Кикути чист лицом и телом, у него гладкие, ровные мускулы и тонкий рабочий стан. Он все же не стал купаться первым, предложил гостю.
Сизов показал свои ладони, в которые смола въедалась годами.
– Такелаж у нас смоленый... Всюду смола.
Кикути уже знал теперь слова: «такелаж», «контора» и много других. Прежде плотники полагали, что матросы грязные люди и у них руки в грязи. А теперь у самих такие же руки.
– Хорошо, брат, по вашему климату, – сказал Сизов, обтерпевшись. – А то в жару на работе под мышками разъедает, все тело саднит.
После бани и чая Сизов сказал:
– Да ты мне обещал редьки на дорогу...
Жена плотника принесла матросу редьки и разных овощей.
Сизов простился и пошел в лагерь. Но свернул не доходя и отправился к двухэтажному дому, где жила Фуми.
Вернулся он поздно, когда заиграла труба, и перелез в лагерь через забор.
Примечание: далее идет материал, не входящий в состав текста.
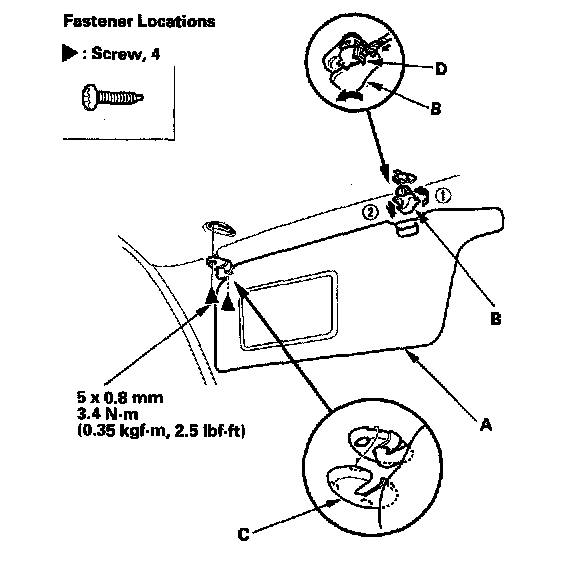 - If the threads on a visor or grab handle screws are worn out, use an oversized self tapping ET screw (P/N 90137-SOA-003) made specifically for this application.
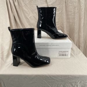 Good American Ankle Boot Women's 7 Black Patent Leather Square Toe Square Heel
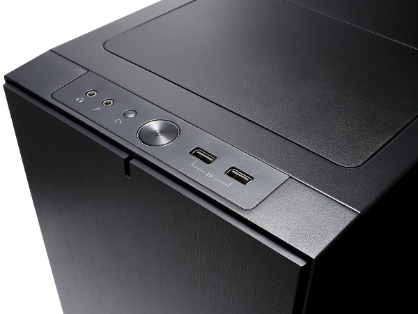 Fractal Design replaced its classic noise-dampened door with a similar-looking solid face panel, above which are two USB 3.0 ports, power and reset buttons, plus headphone and microphone jacks. Removable outer covers behind those ports allow full access to the internal top panel.
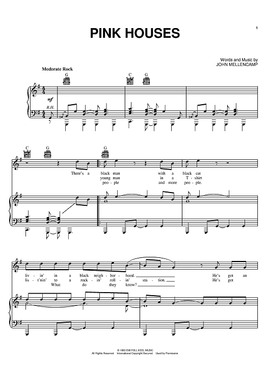"Pink Houses" Sheet Music by John Cougar Mellencamp
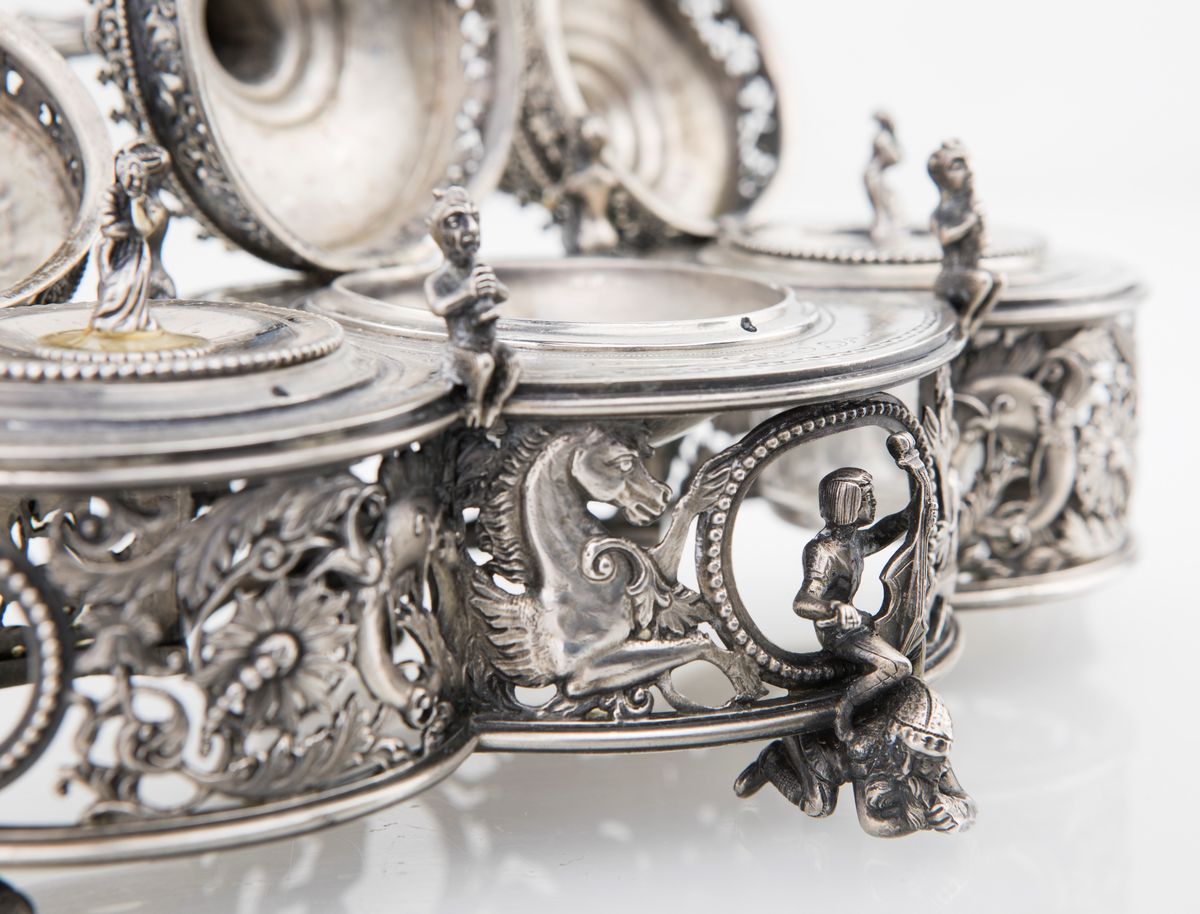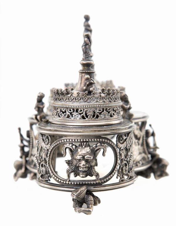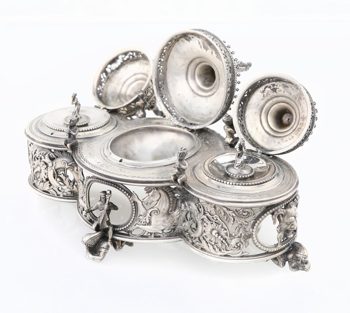 con struttura trilobata traforata caratterizzata da fitta composizione naturalistica in cui spiccano figure di ippocampo; quattro aperture ovali racchiuse da perlinatura fungono da cornice ai sostegni scultorei in forma di figure prone cavalcate da musici; sulla sommità tre contenitori definiti da ringhierina traforata, con coperchi a pinnacolo affiancato e dominato da figure. Un vasetto in vetro porta inchiostro mancante
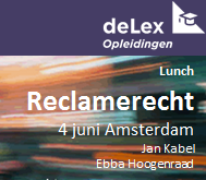 De Balie, Amsterdam, donderdag 23 april 2015, 12.00 - 15.15 uur. Dé jaarlijkse lunchbijeenkomst over het reclamerecht. Jan Kabel en Ebba Hoogenraad bespreken belangrijke en actuele jurisprudentie.
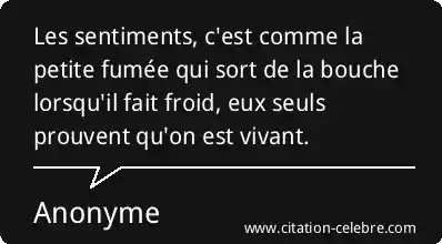 Les sentiments, c'est comme la petite fumée qui sort de la bouche lorsqu'il fait froid, eux seuls prouvent qu'on est vivant.
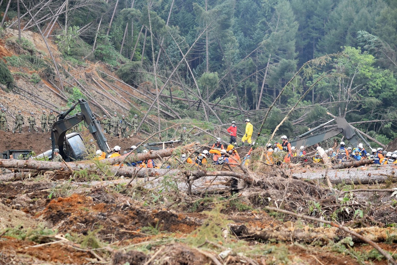 Officials searching for missing people in the city of Atsuma on Sept 9, 2018, after a 6.6-magnitude earthquake hit the northern Japanese island of Hokkaido.
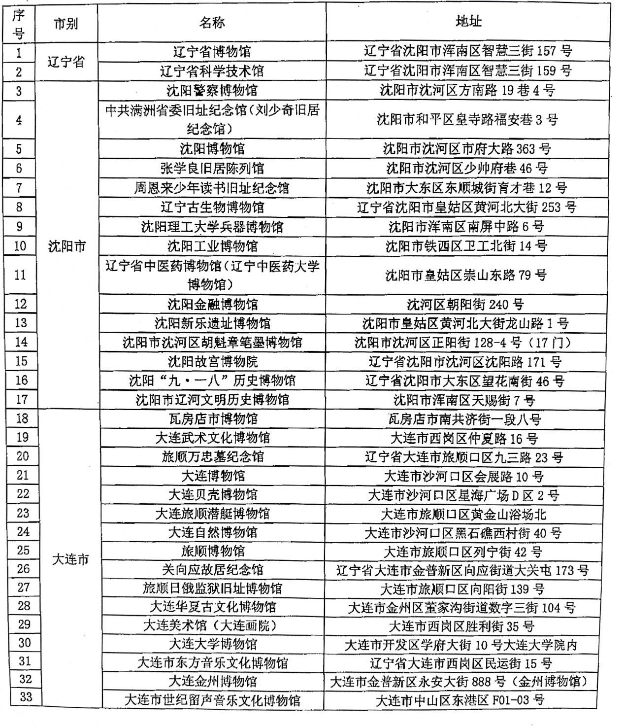 附件:1.辽宁省免费开放研学场馆(博物馆、图书馆)
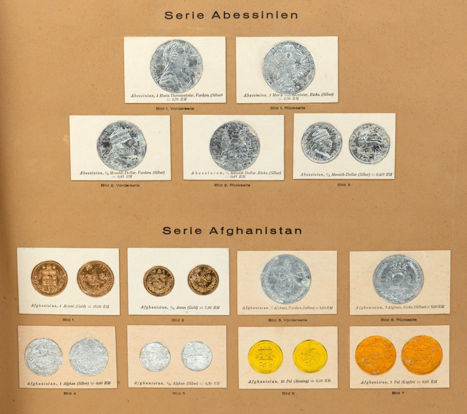 issued by the Greiling Cigarette Company (Dresden) depicting Coins of the World (obverses & reverses) in gold, silver & bronze relief. (Image 1)
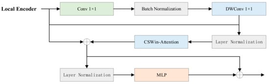 The module is primarily divided into five components: a local encoding module (LEM), a cross-shaped window self-attention (CSWin-Attention), a batch normalization (BN), a layer normalization (LN), and a multilayer perceptron (MLP). Its structure is illustrated in Figure 5. The computational process of the CCTB module is as follows:

К клиперу подходили с фонарями баркасы и шлюпки.
По исполинскому борту чайного клипера на длинном трапе и на помосте нескончаемой вереницей выстроились во тьме матросы с оружием, ранцами и мешками.
Точибан все слышал и понимал. Ящик его подняли и вынесли из лагеря. Заложили в баркас под другие ящики. У борта корабля японцы задержали грузы и о чем-то говорили с русскими. Ящик приподняли, но еще не понесли. Несколько человек сели на ящик с Точибаном и закурили. Японцы помогали русским при погрузке. Посоветовали перевернуть ящик, поясняя, что так удобней. Точибан лежал окутанный одеялами. Его вдруг быстро перевернули головой вниз, вверх ногами. Он больно ударился головой.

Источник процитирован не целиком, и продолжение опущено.